* **The task**
Your copy should begin at the line containing "October 4, 2021The" and end at the last line of the records; transcribe those lines exactly and leave out every picture.

* **Supplied entries**
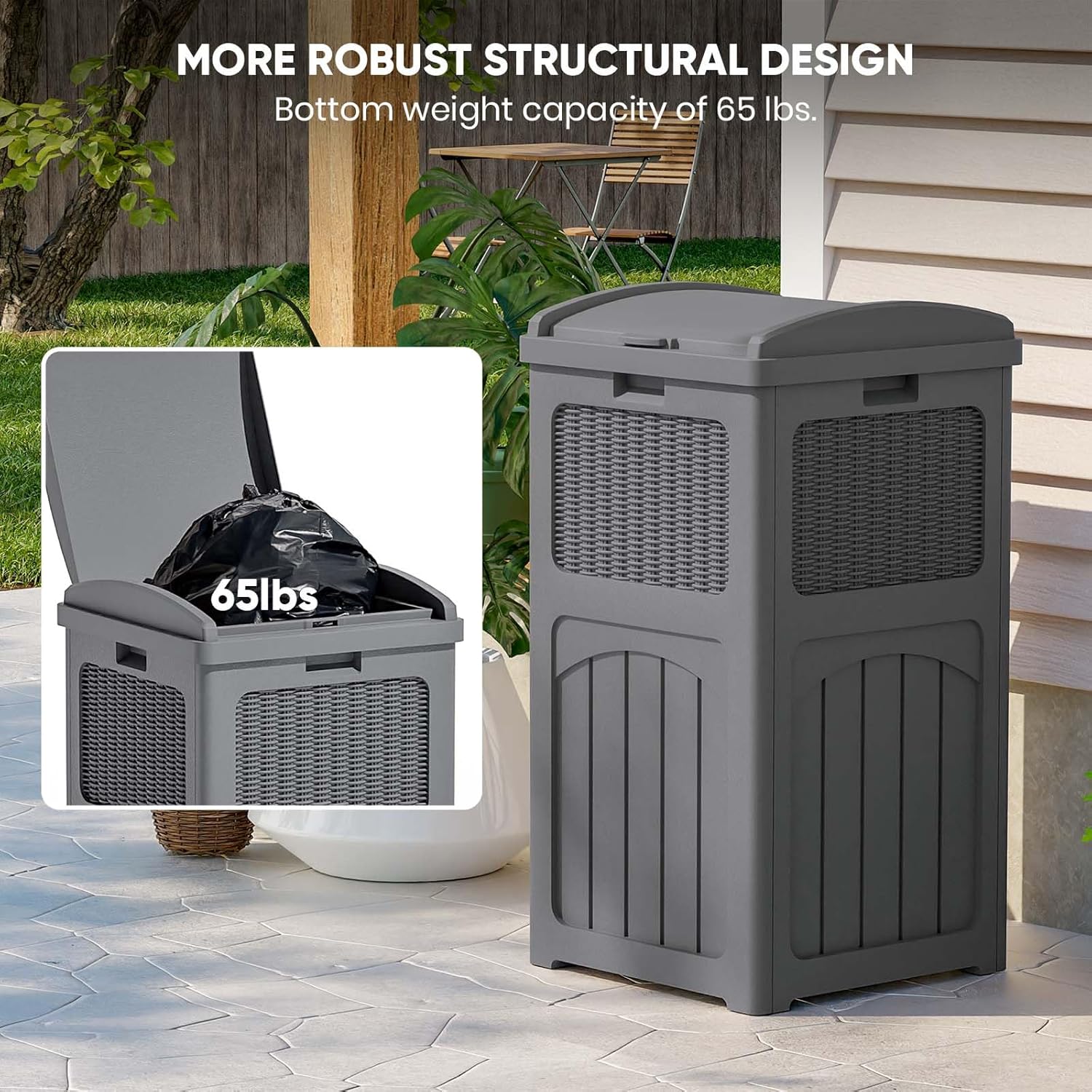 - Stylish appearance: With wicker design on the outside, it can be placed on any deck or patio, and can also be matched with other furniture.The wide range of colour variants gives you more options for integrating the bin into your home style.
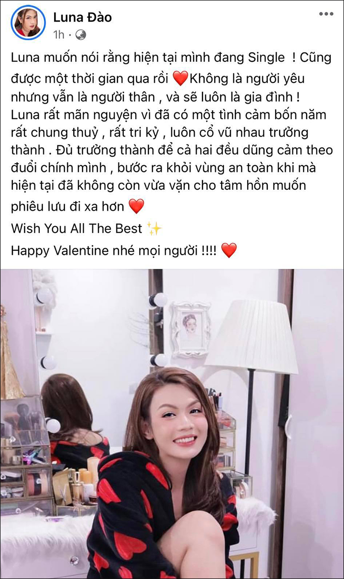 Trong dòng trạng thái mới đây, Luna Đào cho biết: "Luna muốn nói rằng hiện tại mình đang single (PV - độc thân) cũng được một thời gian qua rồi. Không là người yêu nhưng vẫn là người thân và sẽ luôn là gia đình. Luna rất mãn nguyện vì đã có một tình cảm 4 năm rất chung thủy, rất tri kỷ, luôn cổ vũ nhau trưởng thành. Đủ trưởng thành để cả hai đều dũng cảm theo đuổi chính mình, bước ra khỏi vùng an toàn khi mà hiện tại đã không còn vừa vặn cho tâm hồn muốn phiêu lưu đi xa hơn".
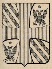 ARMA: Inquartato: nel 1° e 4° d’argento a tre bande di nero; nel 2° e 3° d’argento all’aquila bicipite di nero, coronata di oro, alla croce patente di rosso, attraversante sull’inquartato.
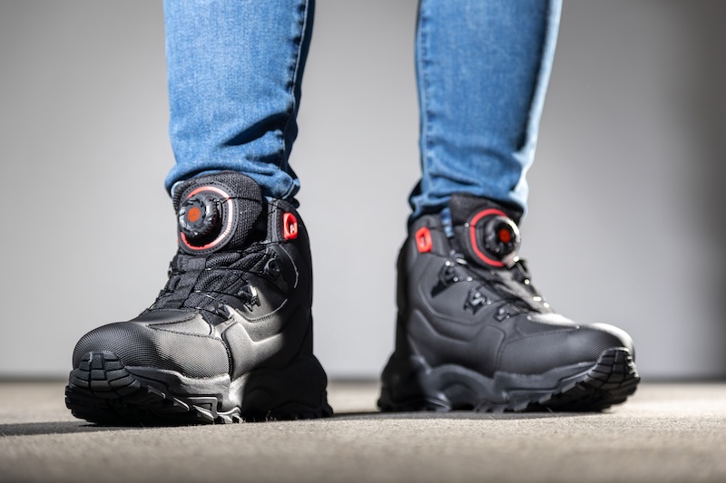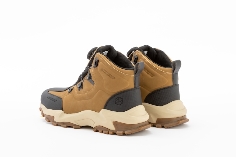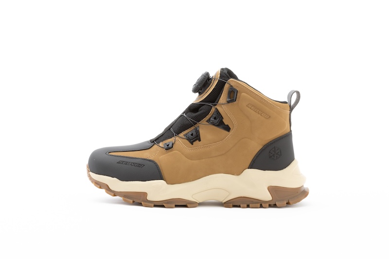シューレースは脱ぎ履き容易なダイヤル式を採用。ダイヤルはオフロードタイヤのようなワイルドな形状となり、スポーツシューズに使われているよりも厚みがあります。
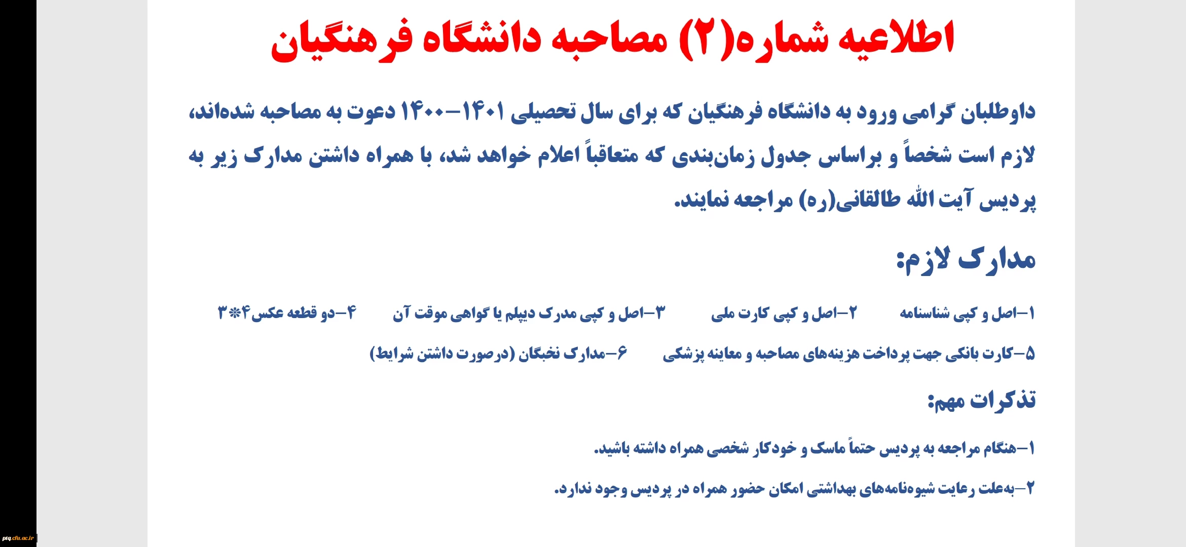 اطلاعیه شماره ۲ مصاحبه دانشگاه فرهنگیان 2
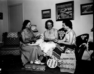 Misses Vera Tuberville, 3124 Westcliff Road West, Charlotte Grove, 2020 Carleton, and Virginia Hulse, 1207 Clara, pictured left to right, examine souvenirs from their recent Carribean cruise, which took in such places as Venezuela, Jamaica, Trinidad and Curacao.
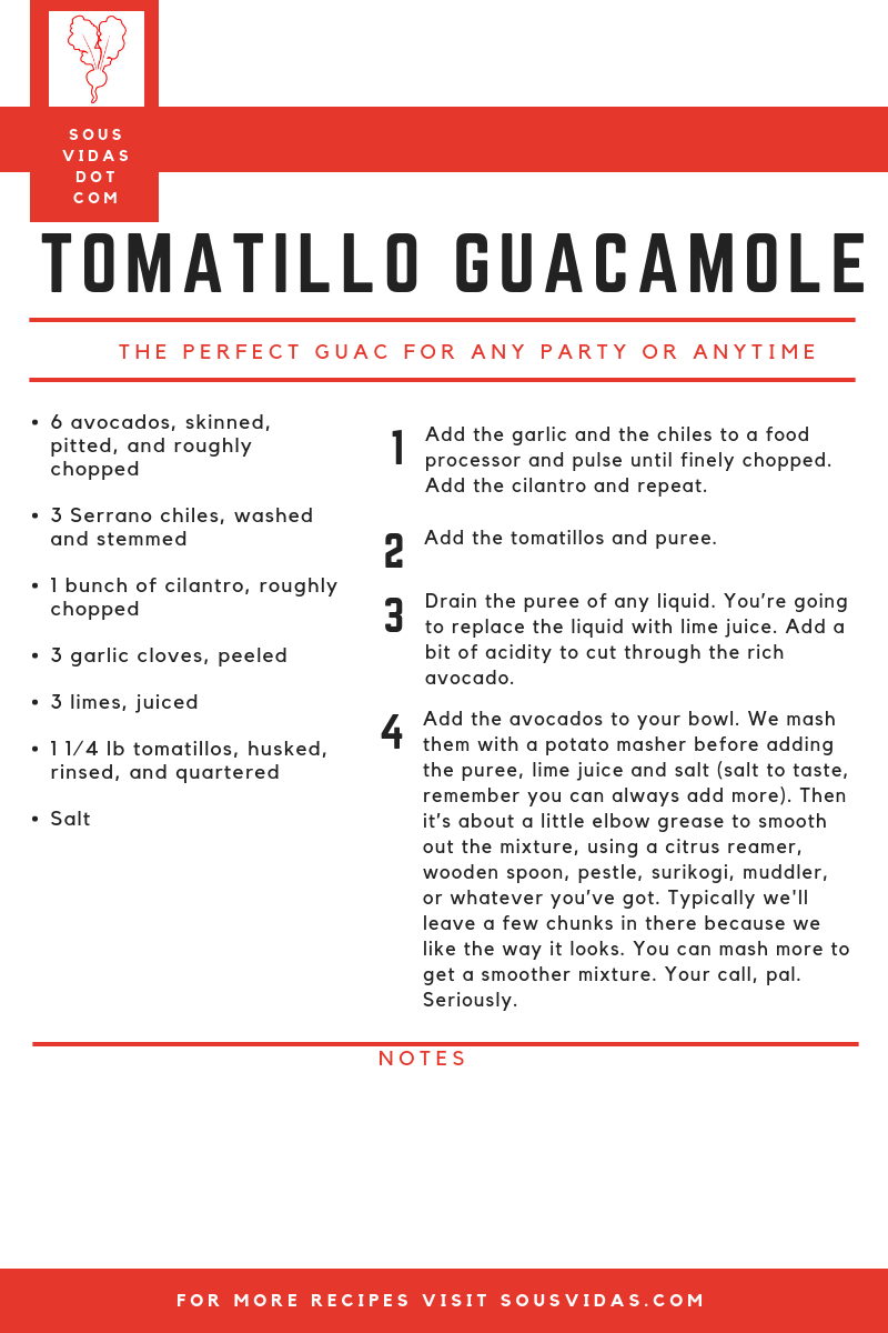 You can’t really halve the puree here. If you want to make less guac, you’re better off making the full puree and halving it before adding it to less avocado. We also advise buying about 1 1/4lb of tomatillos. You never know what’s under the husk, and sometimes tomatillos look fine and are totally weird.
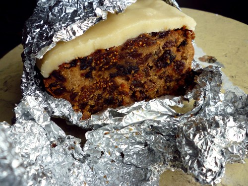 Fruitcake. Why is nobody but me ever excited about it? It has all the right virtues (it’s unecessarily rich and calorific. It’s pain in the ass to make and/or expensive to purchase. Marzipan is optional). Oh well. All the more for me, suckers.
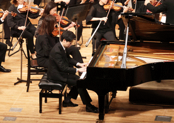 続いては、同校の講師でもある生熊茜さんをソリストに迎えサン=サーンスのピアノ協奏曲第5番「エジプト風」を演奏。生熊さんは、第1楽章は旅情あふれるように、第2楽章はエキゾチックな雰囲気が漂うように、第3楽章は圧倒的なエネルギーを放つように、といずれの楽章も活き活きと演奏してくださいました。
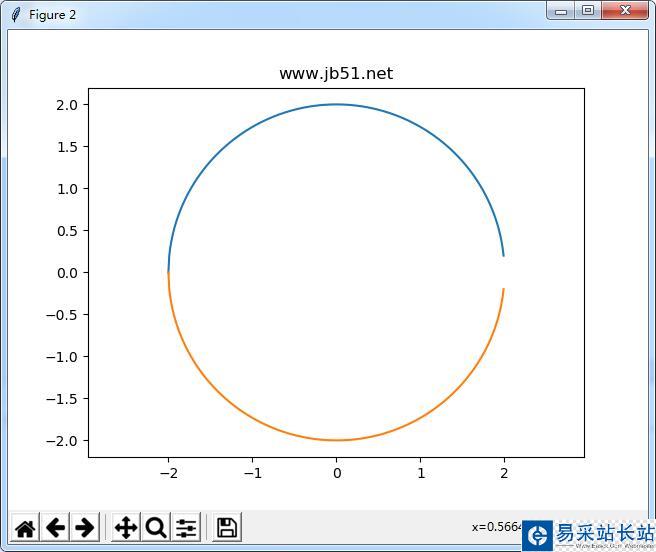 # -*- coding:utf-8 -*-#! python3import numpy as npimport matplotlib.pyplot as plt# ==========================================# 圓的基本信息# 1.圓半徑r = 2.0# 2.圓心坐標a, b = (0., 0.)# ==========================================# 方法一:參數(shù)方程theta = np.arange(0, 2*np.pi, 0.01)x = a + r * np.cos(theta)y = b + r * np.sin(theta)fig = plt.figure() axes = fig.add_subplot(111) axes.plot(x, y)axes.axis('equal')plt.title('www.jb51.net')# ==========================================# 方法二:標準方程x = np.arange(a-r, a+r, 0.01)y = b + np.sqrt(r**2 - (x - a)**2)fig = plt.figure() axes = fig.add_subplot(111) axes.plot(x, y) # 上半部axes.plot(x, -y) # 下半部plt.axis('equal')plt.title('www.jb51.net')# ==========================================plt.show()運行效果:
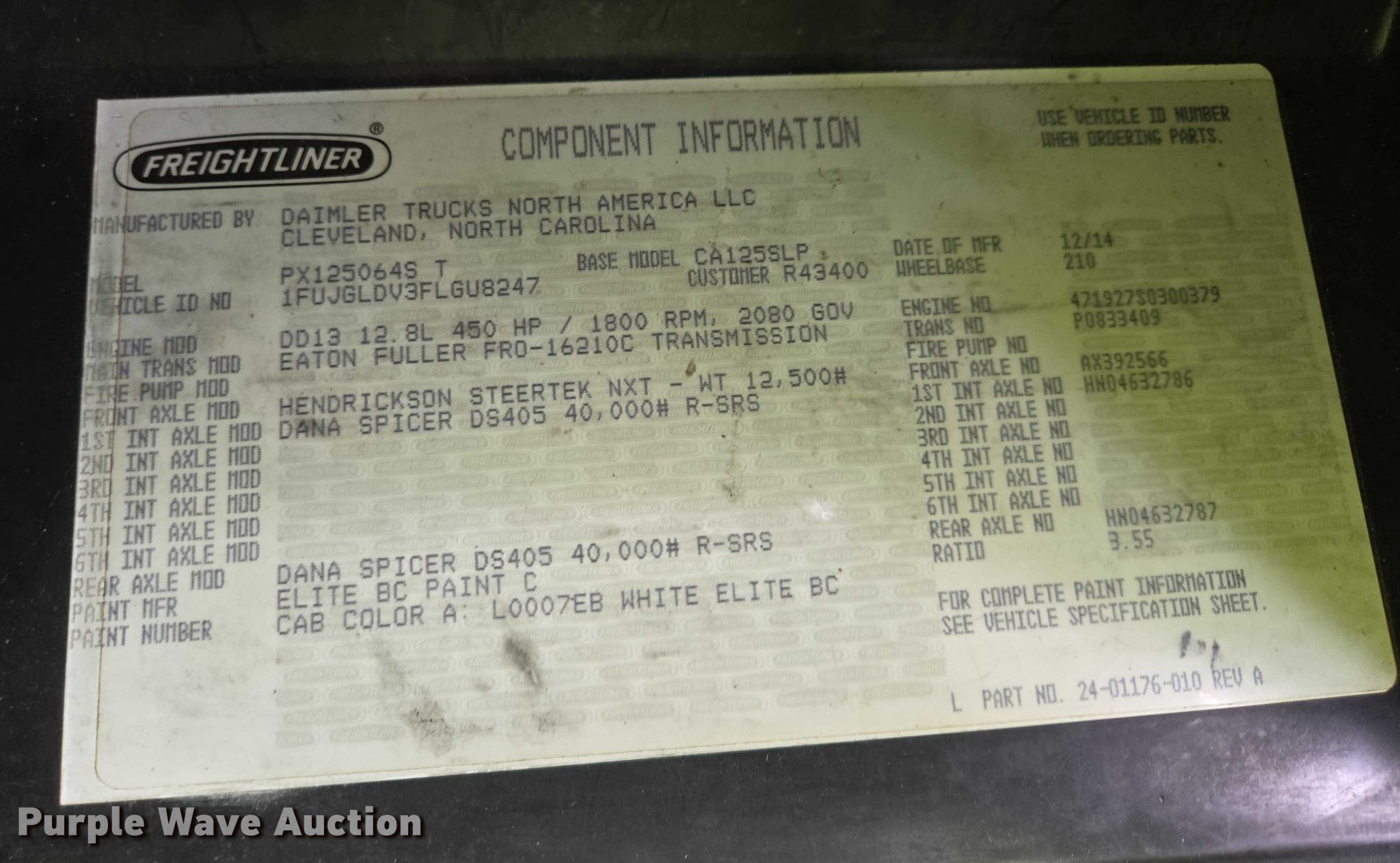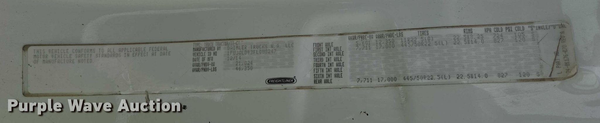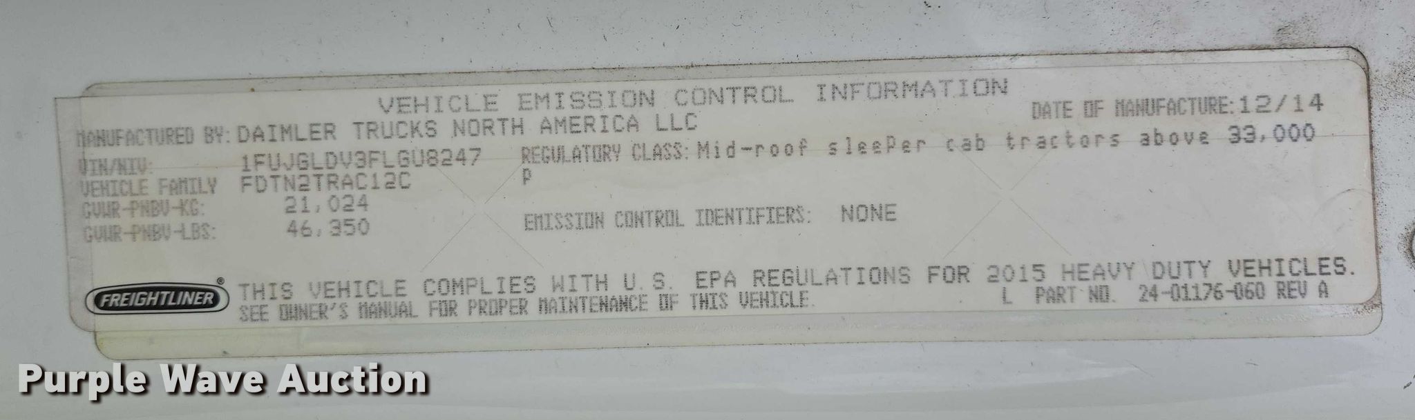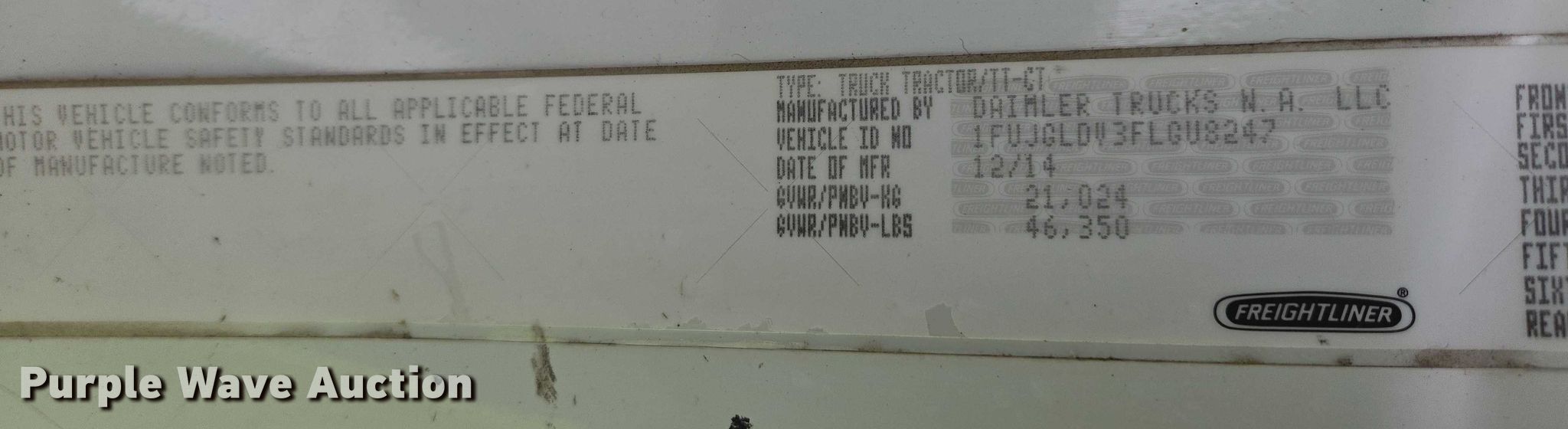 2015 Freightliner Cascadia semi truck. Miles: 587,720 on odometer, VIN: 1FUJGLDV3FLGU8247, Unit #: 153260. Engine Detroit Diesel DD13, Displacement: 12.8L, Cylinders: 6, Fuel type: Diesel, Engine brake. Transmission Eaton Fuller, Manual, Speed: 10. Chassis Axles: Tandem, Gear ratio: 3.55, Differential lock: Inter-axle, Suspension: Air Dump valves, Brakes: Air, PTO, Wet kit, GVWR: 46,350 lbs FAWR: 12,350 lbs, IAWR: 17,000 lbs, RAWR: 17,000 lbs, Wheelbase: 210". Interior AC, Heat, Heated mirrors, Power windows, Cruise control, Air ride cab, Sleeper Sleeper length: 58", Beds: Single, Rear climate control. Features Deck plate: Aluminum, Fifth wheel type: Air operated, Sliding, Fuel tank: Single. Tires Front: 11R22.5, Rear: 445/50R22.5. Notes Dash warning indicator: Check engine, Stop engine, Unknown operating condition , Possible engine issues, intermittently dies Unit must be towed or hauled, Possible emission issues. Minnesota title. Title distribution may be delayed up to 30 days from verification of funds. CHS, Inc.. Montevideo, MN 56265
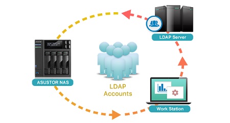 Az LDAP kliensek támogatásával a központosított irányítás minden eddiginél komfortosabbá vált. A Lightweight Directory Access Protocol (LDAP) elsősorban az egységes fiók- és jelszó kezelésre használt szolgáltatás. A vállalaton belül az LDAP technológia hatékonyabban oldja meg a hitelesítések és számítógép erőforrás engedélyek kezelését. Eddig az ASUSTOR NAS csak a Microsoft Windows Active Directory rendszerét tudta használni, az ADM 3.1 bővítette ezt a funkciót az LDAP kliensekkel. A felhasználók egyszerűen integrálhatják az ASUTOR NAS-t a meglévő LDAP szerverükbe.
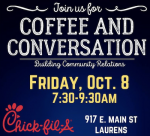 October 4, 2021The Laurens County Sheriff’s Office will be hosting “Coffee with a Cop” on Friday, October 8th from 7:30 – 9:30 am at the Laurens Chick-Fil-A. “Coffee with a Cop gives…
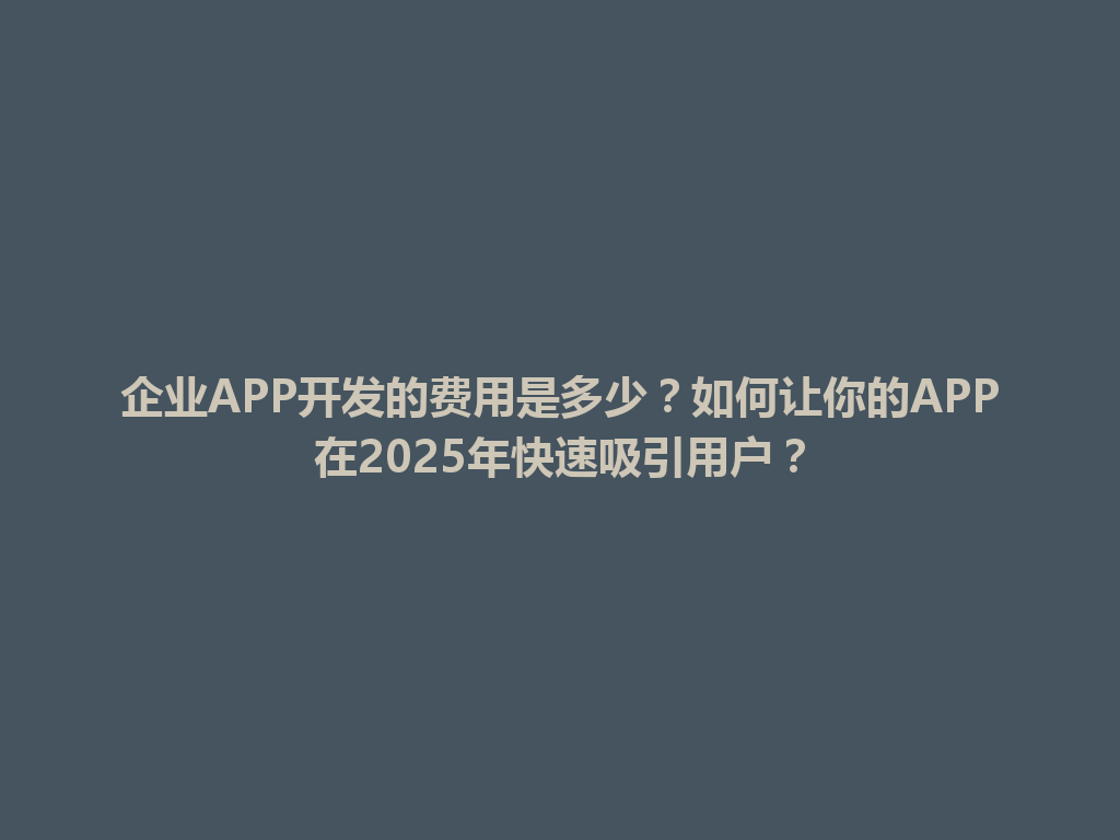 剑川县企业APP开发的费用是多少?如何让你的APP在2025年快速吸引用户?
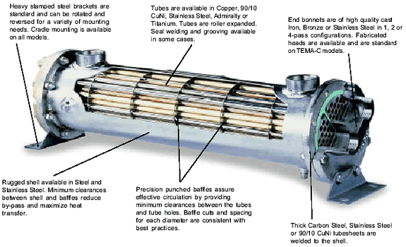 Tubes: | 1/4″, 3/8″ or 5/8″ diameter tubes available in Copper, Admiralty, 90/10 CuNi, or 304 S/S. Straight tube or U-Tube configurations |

* **Result of this exercise**
 October 4, 2021The Laurens County Sheriff’s Office will be hosting “Coffee with a Cop” on Friday, October 8th from 7:30 – 9:30 am at the Laurens Chick-Fil-A. “Coffee with a Cop gives…
 剑川县企业APP开发的费用是多少?如何让你的APP在2025年快速吸引用户?
 Tubes: | 1/4″, 3/8″ or 5/8″ diameter tubes available in Copper, Admiralty, 90/10 CuNi, or 304 S/S. Straight tube or U-Tube configurations |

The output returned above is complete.